■ Goal of the exercise
Would you please repeat, word for word, only the lines from the one holding "The stool was" through the one holding "French mantel clock, 8" in the material below, without the pictures?

******

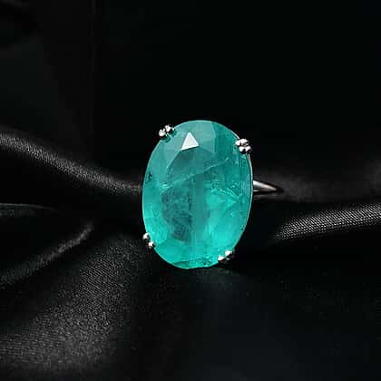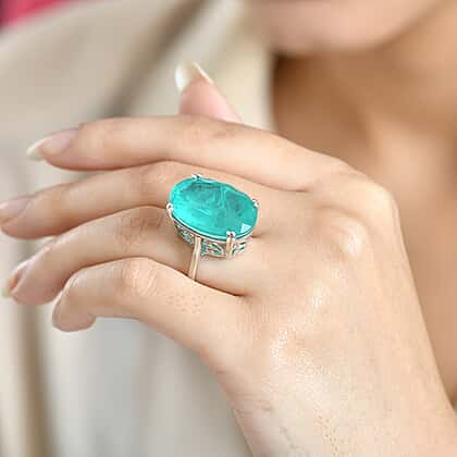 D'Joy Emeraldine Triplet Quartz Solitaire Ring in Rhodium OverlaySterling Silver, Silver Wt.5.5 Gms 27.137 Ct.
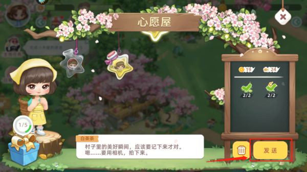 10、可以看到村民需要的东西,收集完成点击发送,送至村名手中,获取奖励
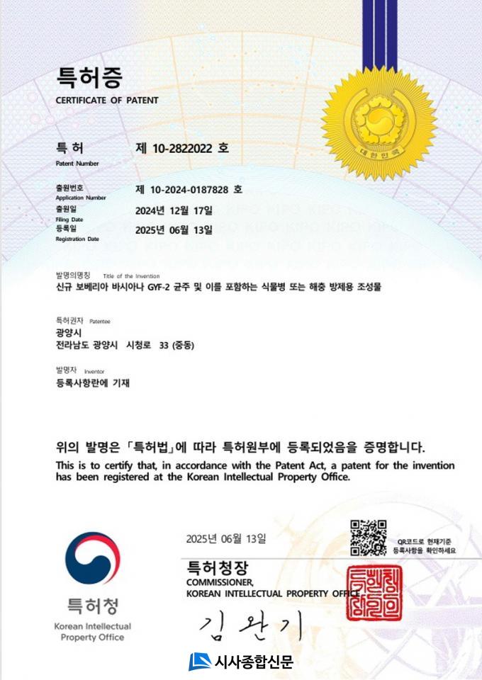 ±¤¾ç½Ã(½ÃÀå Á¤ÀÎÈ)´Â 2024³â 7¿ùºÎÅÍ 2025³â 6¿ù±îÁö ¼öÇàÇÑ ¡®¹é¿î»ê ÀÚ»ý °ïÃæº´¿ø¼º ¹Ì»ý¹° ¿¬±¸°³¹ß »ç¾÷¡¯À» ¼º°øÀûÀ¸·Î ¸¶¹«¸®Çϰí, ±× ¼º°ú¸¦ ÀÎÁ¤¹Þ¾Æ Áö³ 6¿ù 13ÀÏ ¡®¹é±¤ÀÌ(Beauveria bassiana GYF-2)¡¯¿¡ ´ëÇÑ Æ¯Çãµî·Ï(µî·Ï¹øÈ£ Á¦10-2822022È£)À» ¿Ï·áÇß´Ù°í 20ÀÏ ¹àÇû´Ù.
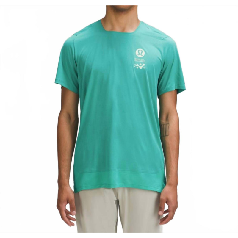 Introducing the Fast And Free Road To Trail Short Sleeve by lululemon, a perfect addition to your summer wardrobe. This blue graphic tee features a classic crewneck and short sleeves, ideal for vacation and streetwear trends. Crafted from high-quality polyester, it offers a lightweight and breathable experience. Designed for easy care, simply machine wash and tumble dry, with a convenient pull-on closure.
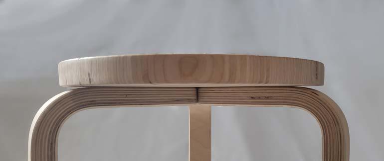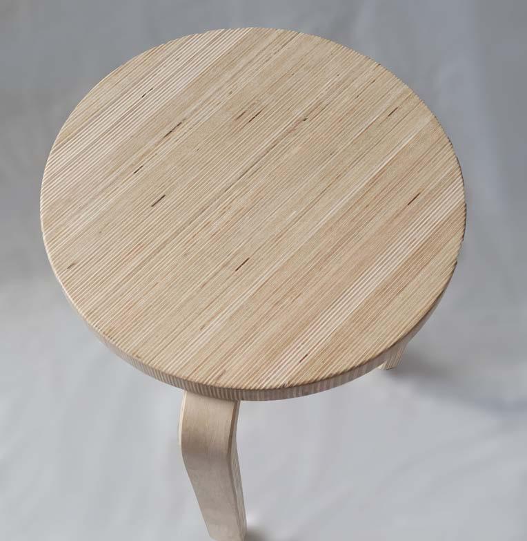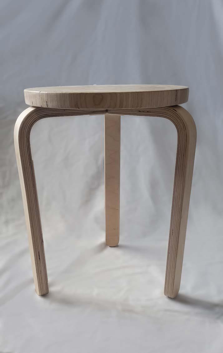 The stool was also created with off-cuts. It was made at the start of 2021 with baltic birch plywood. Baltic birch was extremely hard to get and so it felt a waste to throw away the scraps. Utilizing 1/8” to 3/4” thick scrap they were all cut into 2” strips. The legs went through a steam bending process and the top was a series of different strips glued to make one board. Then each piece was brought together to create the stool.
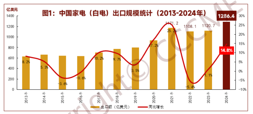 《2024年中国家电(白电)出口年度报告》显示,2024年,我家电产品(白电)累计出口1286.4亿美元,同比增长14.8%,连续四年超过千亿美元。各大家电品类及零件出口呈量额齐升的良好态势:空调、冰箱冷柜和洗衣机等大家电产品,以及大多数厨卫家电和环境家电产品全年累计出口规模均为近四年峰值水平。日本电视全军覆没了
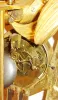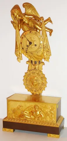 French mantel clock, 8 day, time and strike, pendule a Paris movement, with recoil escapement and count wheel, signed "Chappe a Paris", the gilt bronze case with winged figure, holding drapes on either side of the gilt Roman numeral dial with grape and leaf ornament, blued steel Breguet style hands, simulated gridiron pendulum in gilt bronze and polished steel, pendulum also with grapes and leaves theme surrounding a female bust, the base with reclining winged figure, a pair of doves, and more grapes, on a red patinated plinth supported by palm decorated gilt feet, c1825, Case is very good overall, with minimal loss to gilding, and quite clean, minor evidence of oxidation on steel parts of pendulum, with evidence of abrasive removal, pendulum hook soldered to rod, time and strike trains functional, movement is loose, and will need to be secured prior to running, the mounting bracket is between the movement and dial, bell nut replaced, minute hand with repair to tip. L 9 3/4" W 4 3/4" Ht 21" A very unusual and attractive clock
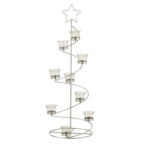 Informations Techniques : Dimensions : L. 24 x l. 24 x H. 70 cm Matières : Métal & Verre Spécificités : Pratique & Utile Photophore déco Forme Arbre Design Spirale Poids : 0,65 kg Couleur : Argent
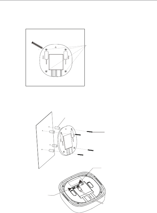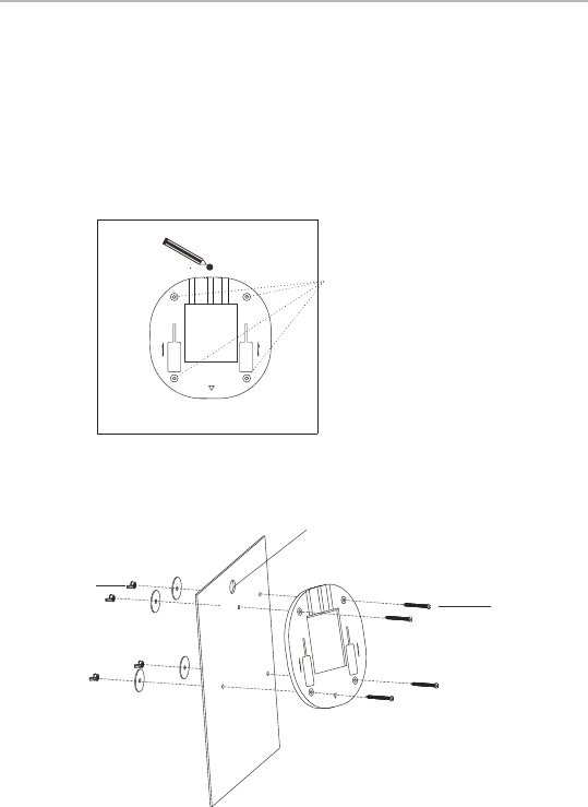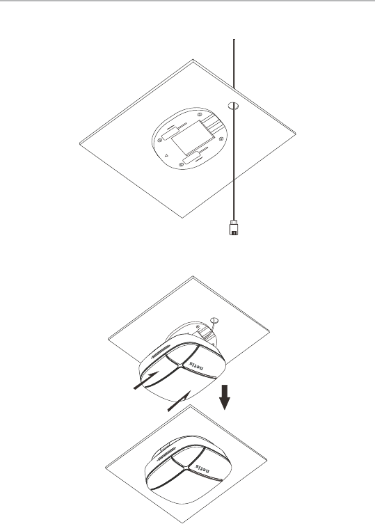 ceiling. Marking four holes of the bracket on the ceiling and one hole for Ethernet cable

******

■ Answer to the problem
 The stool was also created with off-cuts. It was made at the start of 2021 with baltic birch plywood. Baltic birch was extremely hard to get and so it felt a waste to throw away the scraps. Utilizing 1/8” to 3/4” thick scrap they were all cut into 2” strips. The legs went through a steam bending process and the top was a series of different strips glued to make one board. Then each piece was brought together to create the stool.
 《2024年中国家电(白电)出口年度报告》显示,2024年,我家电产品(白电)累计出口1286.4亿美元,同比增长14.8%,连续四年超过千亿美元。各大家电品类及零件出口呈量额齐升的良好态势:空调、冰箱冷柜和洗衣机等大家电产品,以及大多数厨卫家电和环境家电产品全年累计出口规模均为近四年峰值水平。日本电视全军覆没了
 French mantel clock, 8 day, time and strike, pendule a Paris movement, with recoil escapement and count wheel, signed "Chappe a Paris", the gilt bronze case with winged figure, holding drapes on either side of the gilt Roman numeral dial with grape and leaf ornament, blued steel Breguet style hands, simulated gridiron pendulum in gilt bronze and polished steel, pendulum also with grapes and leaves theme surrounding a female bust, the base with reclining winged figure, a pair of doves, and more grapes, on a red patinated plinth supported by palm decorated gilt feet, c1825, Case is very good overall, with minimal loss to gilding, and quite clean, minor evidence of oxidation on steel parts of pendulum, with evidence of abrasive removal, pendulum hook soldered to rod, time and strike trains functional, movement is loose, and will need to be secured prior to running, the mounting bracket is between the movement and dial, bell nut replaced, minute hand with repair to tip. L 9 3/4" W 4 3/4" Ht 21" A very unusual and attractive clock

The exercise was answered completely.